One Law School’s Effort To Resolve Access To Justice
Many lawyers have likely been there. It’s the moment when someone asking for legal assistance approaches your firm. Arizona State Law School Dean Douglas Sylvester remembers it happening to him when he was an intellectual property associate. Artists and musicians wanted his assistance or the pro bono help of someone at his firm. Spending two years in the position, Sylvester tells Bloomberg Businessweek, he only accepted one of the many pro bono cases brought to him.
And now, as the dean of a major law school, Sylvester has the opportunity to prepare law students with a skill he had to develop on the job. “One of the great skills that all attorneys have — and it’s not one we teach in law schools but is uniform to every area of law — is how to interview potential clients,” he told Businessweek.
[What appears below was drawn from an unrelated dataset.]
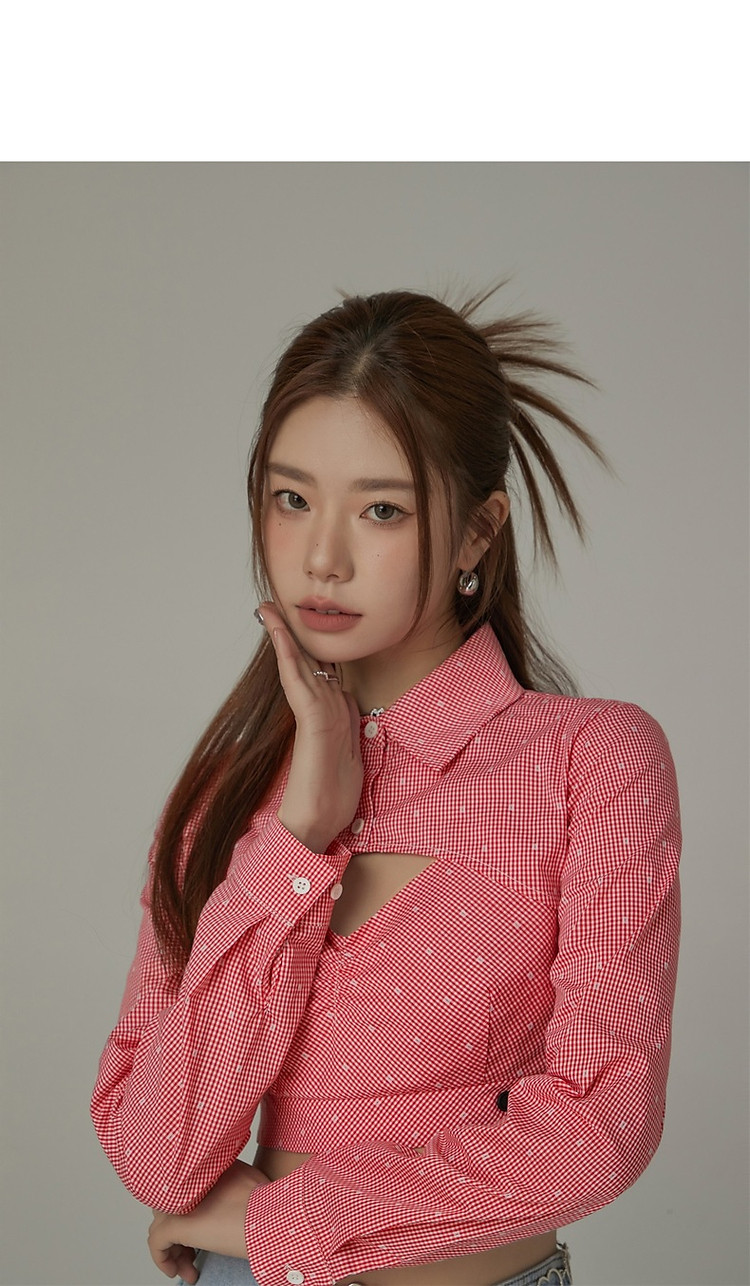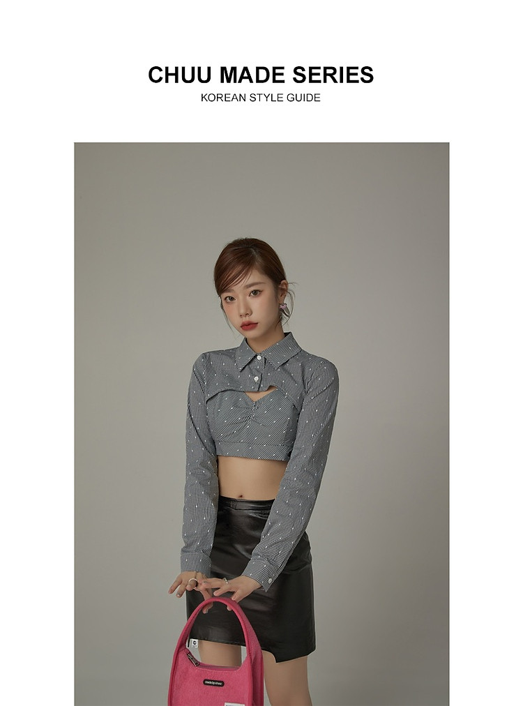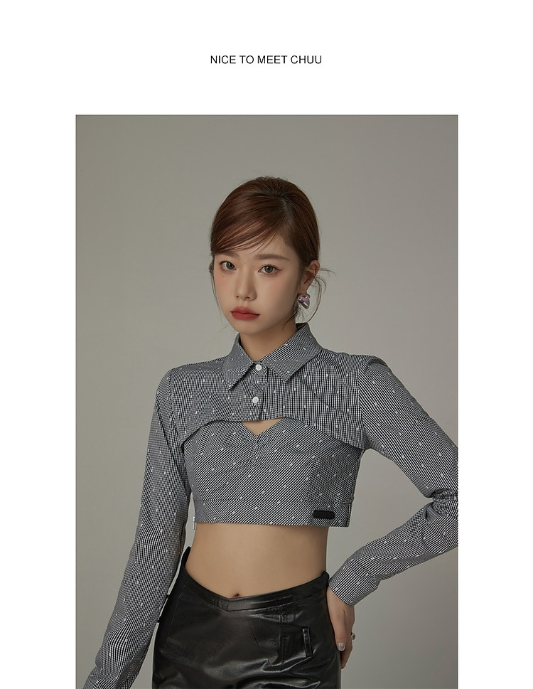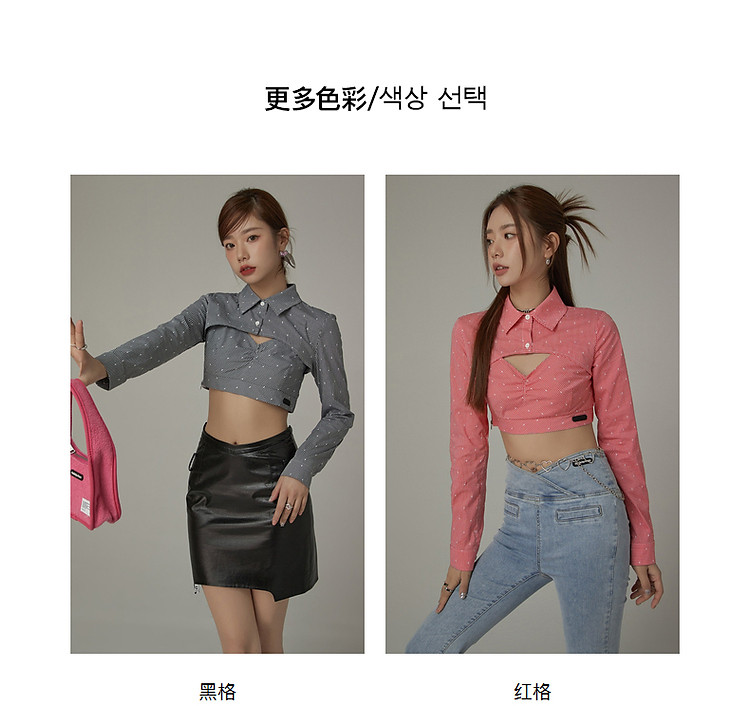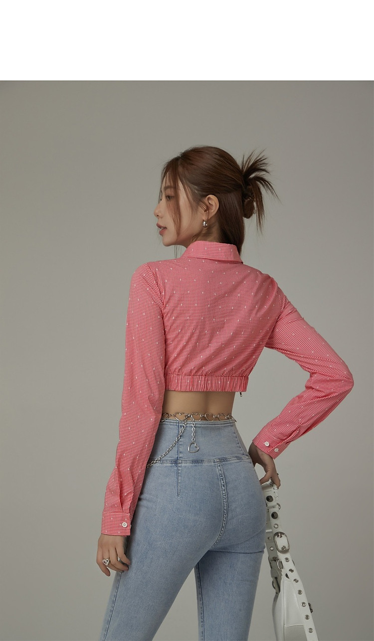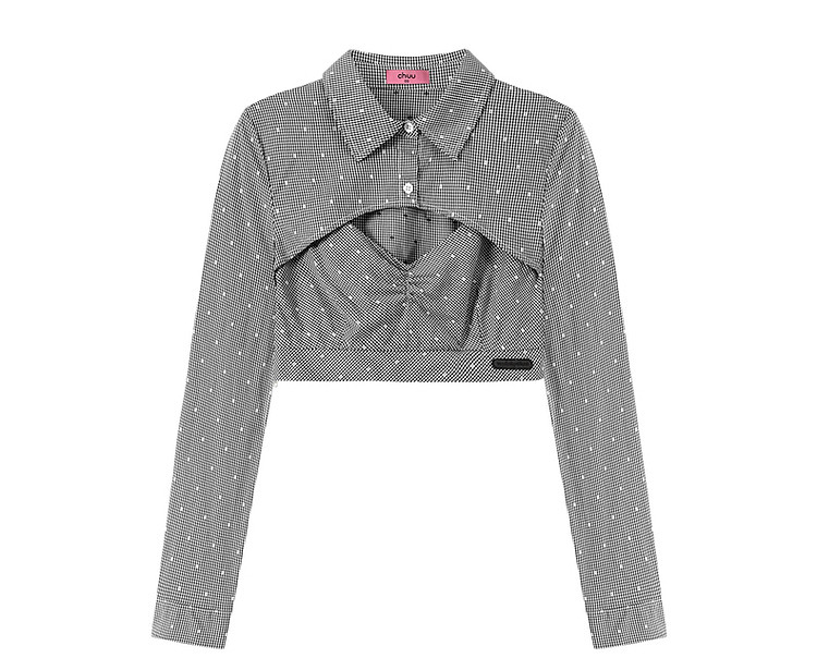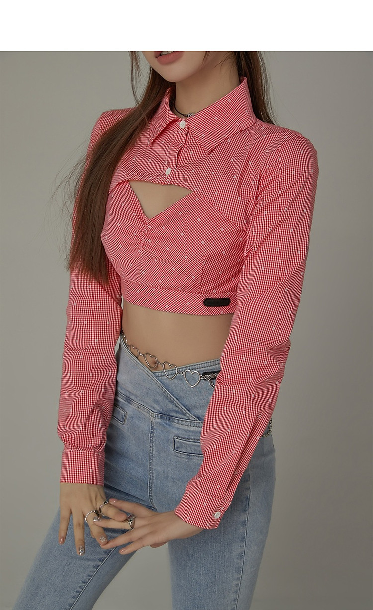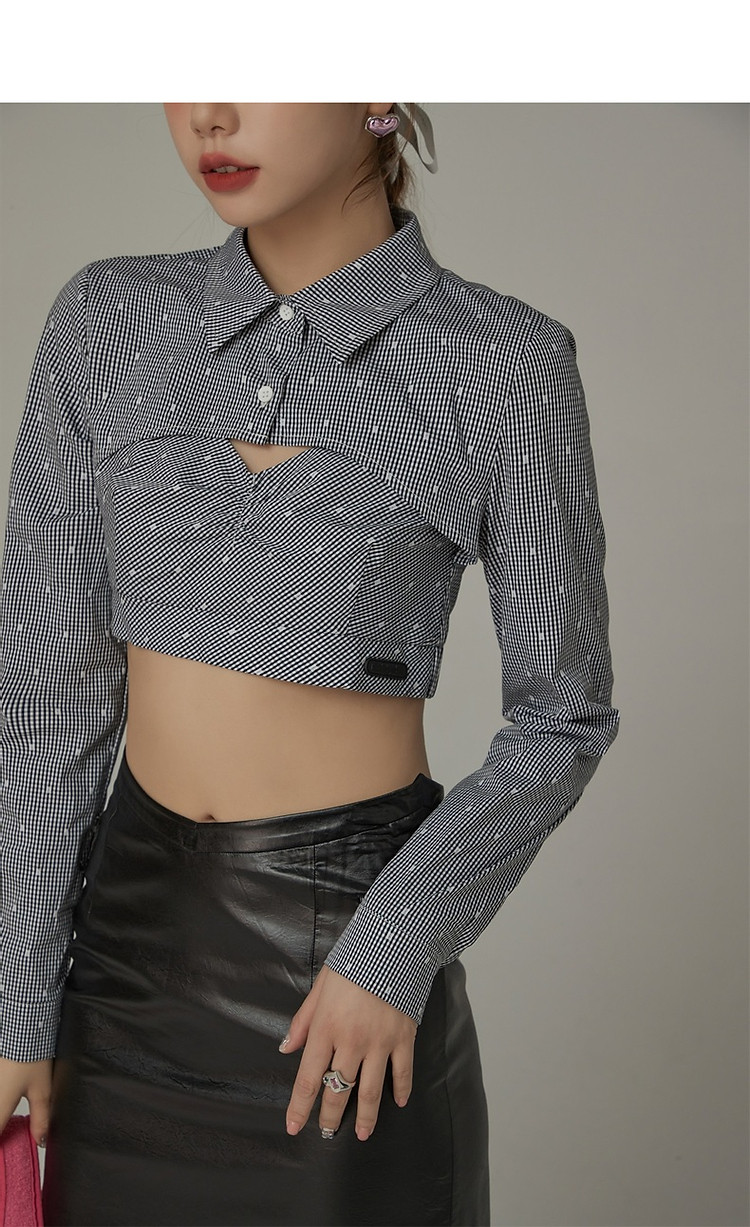 商品名称:辣妹镂空衬衫女夏设计感个性显瘦格子长袖短款上衣 423635

And so Sylvester is pushing to launch a program in the fall of 2016 that will train law students to assess incoming cases. The program, which has yet to gain official approval from Arizona State’s faculty, will be called Arizona Legal Services Center. Law students will interview potential clients and evaluate their cases alongside law school faculty members. The law students then will introduce the clients to an Arizona lawyer or break the news that their case doesn’t have traction.
“My goal is to have it open 9 a.m. to 5 p.m., Monday through Friday, every week, with enough students and supervising attorneys involved that our doors are open,” Sylvester told Businessweek. “This is a low cost solution to a big problem in our country — and one that our law schools are in a special position to address.”
Sylvester believes it’s the first program of its kind and hopes other schools in other states will adopt similar models. This program is exclusive to Arizona citizens and lawyers. Interestingly, Sylvester says the biggest pushback he’s received so far has come from security concerns. He says it might require installation of security doors and a receptionist “to make sure people aren’t just walking in, to make sure we have a first look at someone before they go in.”